Write out the entries exactly, pictures excluded.

(Stored dataset items)
—————

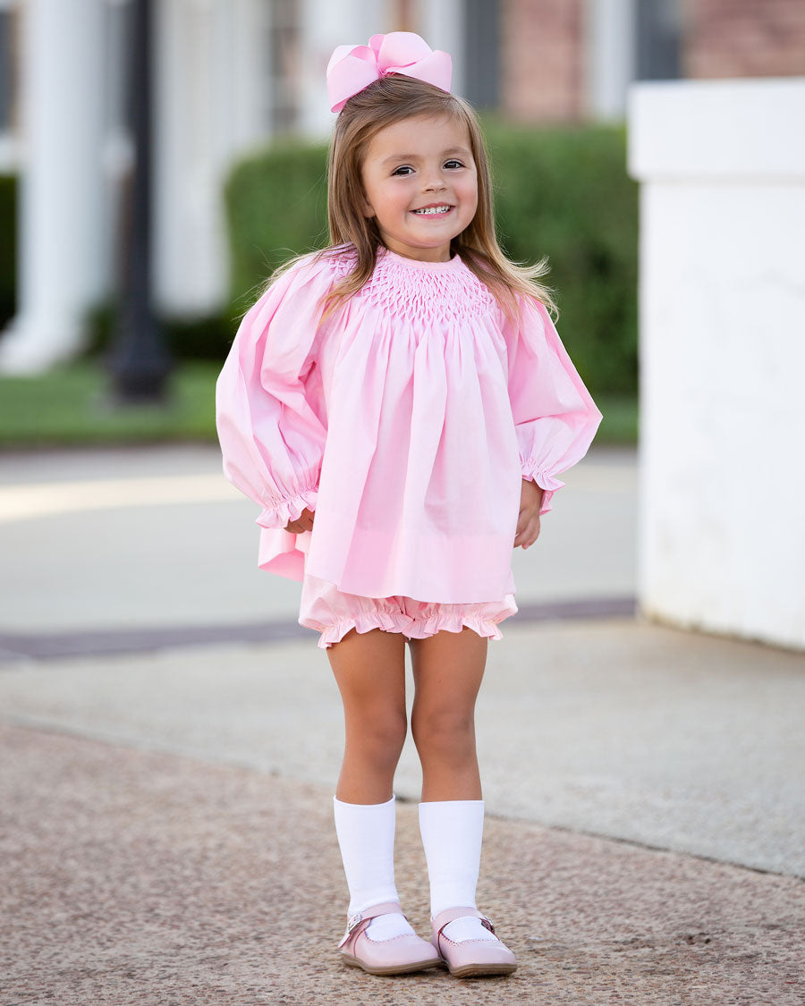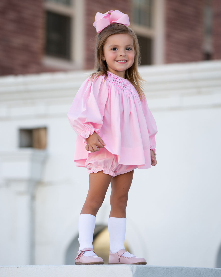 This precious bloomer set is made of plain pink pique fabric with honeycomb smocking around the neck. Elastic at the arms and legs allow for a small ruffle. Add knee socks and a bow to complete the look!
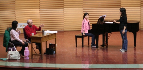 72岁的鲁斯•艾伯尔教授克服了时差,精神饱满地投入到教学中,他热情、负责,既严格又耐心,用他那纯正的男中音示范启发着学生,感染着台下的每位听课的老师和同学。大师班日程安排的十分紧凑,每天上下午都进行了个别课,晚上鲁斯•艾伯尔教授还要为开音乐会进行演唱练习、合伴奏、走台。在他的教学中我们感受到他力求完美。在学习中同学们接受了声乐技巧、作品风格、舞台表现、意大利语、德语、法语等全方位的训练,很多同学在上课的过程中都有很大的变化,他为部分没有准确确定声部的同学确定了声部。
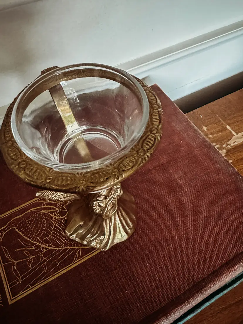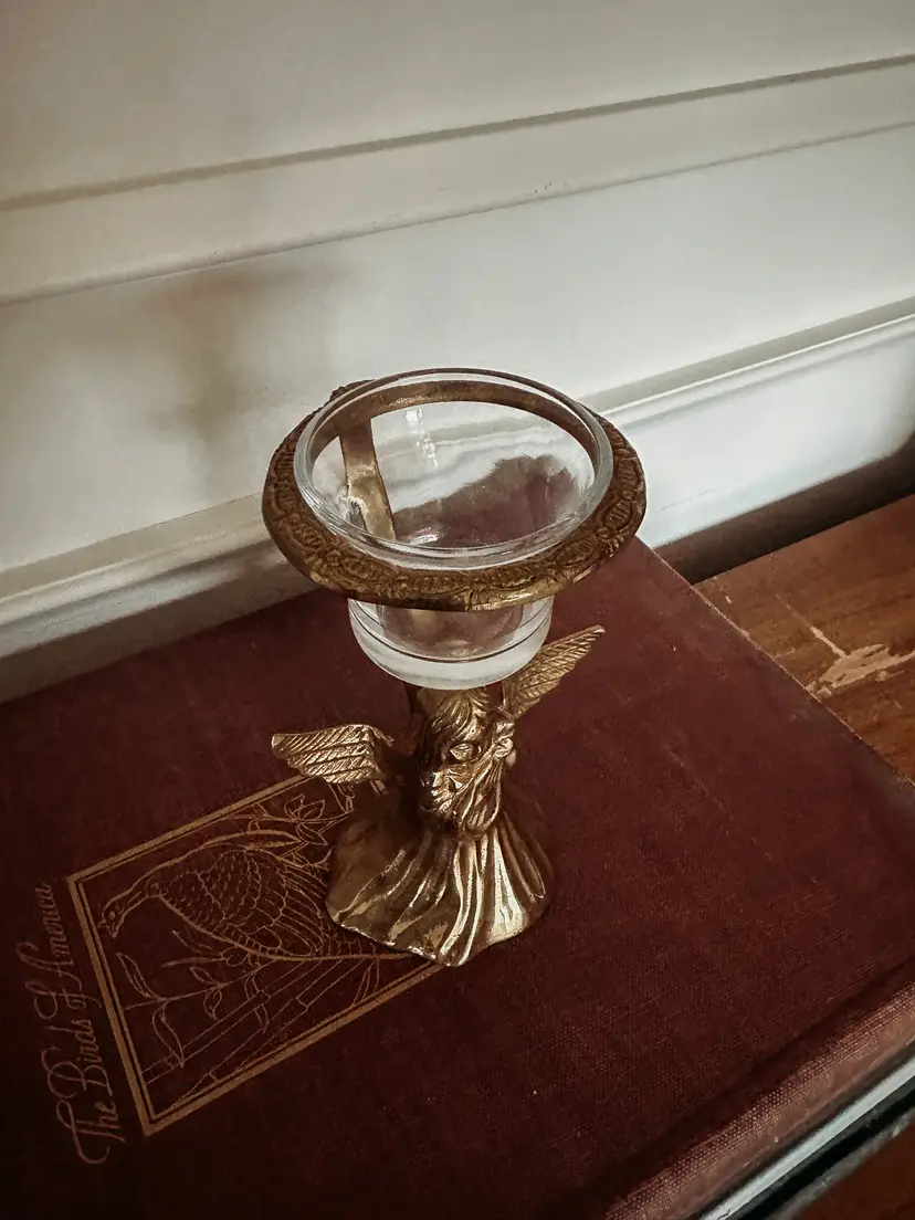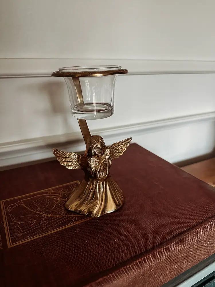 Very sweet votive holder with vintage patina.
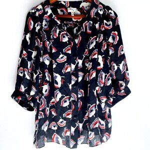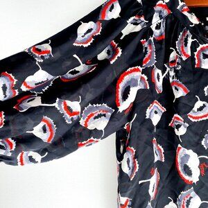 Vintage Milly Silk Floral Wide Sleeve Black Red White Button Down Top 8
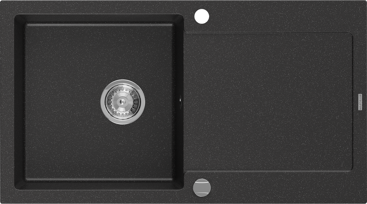 Mexen Leo lavello in granito a 1 vasca con scolapiatti 900 x 500 mm, nero/argento metallico, sifone cromato - 6501901010-73

—————

### Reply to the task:
 This precious bloomer set is made of plain pink pique fabric with honeycomb smocking around the neck. Elastic at the arms and legs allow for a small ruffle. Add knee socks and a bow to complete the look!
 72岁的鲁斯•艾伯尔教授克服了时差,精神饱满地投入到教学中,他热情、负责,既严格又耐心,用他那纯正的男中音示范启发着学生,感染着台下的每位听课的老师和同学。大师班日程安排的十分紧凑,每天上下午都进行了个别课,晚上鲁斯•艾伯尔教授还要为开音乐会进行演唱练习、合伴奏、走台。在他的教学中我们感受到他力求完美。在学习中同学们接受了声乐技巧、作品风格、舞台表现、意大利语、德语、法语等全方位的训练,很多同学在上课的过程中都有很大的变化,他为部分没有准确确定声部的同学确定了声部。
 Very sweet votive holder with vintage patina.
 Vintage Milly Silk Floral Wide Sleeve Black Red White Button Down Top 8
 Mexen Leo lavello in granito a 1 vasca con scolapiatti 900 x 500 mm, nero/argento metallico, sifone cromato - 6501901010-73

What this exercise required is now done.